Cleo starrte ihn an. Schön? „Äh, ja, sicher!”, flunkerte sie ein ganz kleines bisschen. Zugegeben, Renee zu treffen hatte ihr den Tag gerettet und das sie eigentlich gar nicht frei haben wollte, wusste Zo'or nur zu gut.
Er grinste. Zo'or war ein Schelm. Ja, wirklich! Aber ein netter Schelm. Tatsächlich stand auf Cleos Schreibtisch eine Tasse frisch gebrühter Kaffee nach der sie sofort griff.
„Von Major Kincaids Maschine”, merkte der Synodenführer an, „Ich weiß, dass sie keinen anderen trinken.”
„Danke!”, lächelte sie und setzte sich an den Computer. Ab dann war es wie immer. Nach und nach trudelten die Freiwilligen ein und um etwa neun kam dann auch Sandoval zum Vorschein. „Morgen Zo'or!
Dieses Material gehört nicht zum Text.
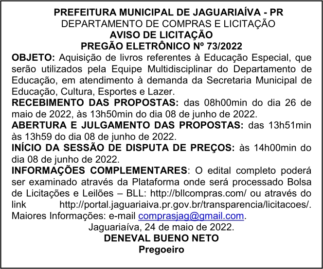Aviso de Licitação Pregão Eletrônico Nº 73/2022
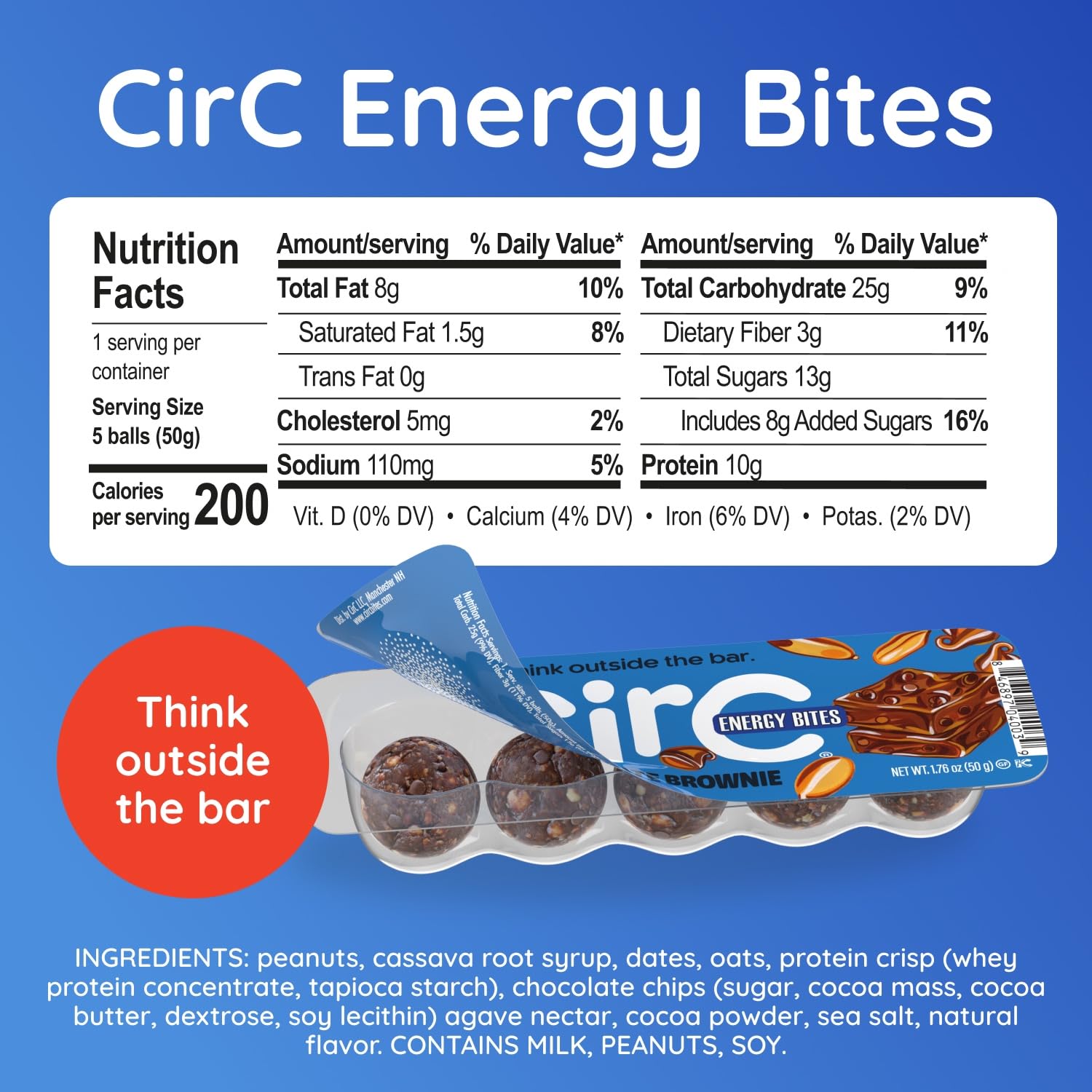 - PORTABLE ENERGY BITES: CirC reimagined the protein bar as 5 snackable energy bites, perfect for on-the-go, at work, or post-workout. Made with simple, natural ingredients like peanuts, oats, dates, and sustainable whey crisp, each high protein energy ball offers a well-balanced, homemade taste.

Cleo!”, grüßte Ronald und warf ihr einen Brief auf den Tisch. Ihr Name stand drauf, also riss sie ihn sofort an sich.
„Nein!”, unterbrach Ronald sie lautstark, „Machen Sie den nicht jetzt auf.”
Cleo starrte Ronald verwirrt an und legte langsam den Brief wieder zur Seite, so langsam, dass man meinen könnte, er würde sonst explodieren. Dann stand sie plötzlich auf. Kaffee war alle! Mit der XXL-Kaffeetasse in der Hand und den Worten „Ich bin gleich wieder da!”, verschwand sie kurzerhand in die Botschaft, wo Major Kincaids Kaffeemaschine stand.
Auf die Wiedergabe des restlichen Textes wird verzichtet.